CHAPTER V
CHRISTMAS DRAMA
Origins of the Mediaeval Drama—Dramatic Tendencies in the Liturgy—Latin Liturgical Plays—The Drama becomes Laicized—Characteristics of the Popular Drama—The Nativity in the English Miracle Cycles—Christmas Mysteries in France—Later French Survivals of Christmas Drama—German Christmas Plays—Mediaeval Italian Plays and Pageants—Spanish Nativity Plays—Modern Survivals in Various Countries—The Star-singers, &c.
THE ADORATION OF THE SHEPHERDS.
From Broadside No. 305 in the Collection of the Society of Antiquaries at Burlington House (by permission).
(Photo lent by Mr. F. Sidgwick, who has published the print on a modern Christmas broadside.)

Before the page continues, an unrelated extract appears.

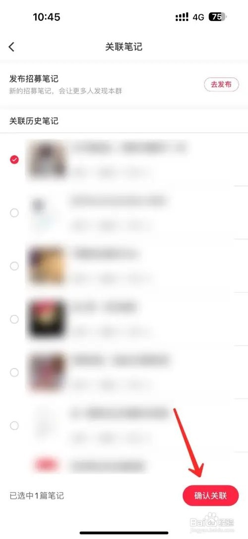 最后在关联笔记的内容里,选择关联的内容后再点击确认关联。

In this chapter the Christian side only of the Christmas drama will be treated. Much folk-drama of pagan origin has gathered round the festival, but this we shall study in our Second Part. Our subject here is the dramatic representation of the story of the Nativity and the events immediately connected with it. The Christmas drama has passed through the same stages as the poetry of the Nativity. There is first a monastic and hieratic stage, when the drama is but an expansion of the liturgy, a piece of ceremonial performed by clerics with little attempt at verisimilitude and with Latin words drawn mainly from the Bible or the offices of the Church. Then, as the laity come to take a more personal interest in Christianity, we find fancy beginning to play around the subject, bringing out its human pathos and charm, until, after a transitional stage, the drama leaves the sanctuary, passes from Latin to the vulgar tongue, is played by lay performers in the streets and squares of the city, and, while its framework remains religious, takes into itself episodes of a more or less secular character. The Latin liturgical plays are to the “miracles” and “mysteries” of the later Middle Ages as a Romanesque church, solemn, oppressive, hieratic, to [122]a Gothic cathedral, soaring, audacious, reflecting every phase of the popular life.
The mediaeval religious drama[{1}] was a natural development from the Catholic liturgy, not an imitation of classical models. The classical drama had expired at the break-up of the Roman Empire; its death was due largely, indeed, to the hostility of Christianity, but also to the rude indifference of the barbarian invaders. Whatever secular dramatic impulses remained in the Dark Ages showed themselves not in public and organized performances, but obscurely in the songs and mimicry of minstrels and in traditional folk-customs. Both of these classes of practices were strongly opposed by the Church, because of their connection with heathenism and the licence towards which they tended. Yet the dramatic instinct could not be suppressed. The folk-drama in such forms as the Feast of Fools found its way, as we shall see, even into the sanctuary, and—most remarkable fact of all—the Church's own services took on more and more a dramatic character.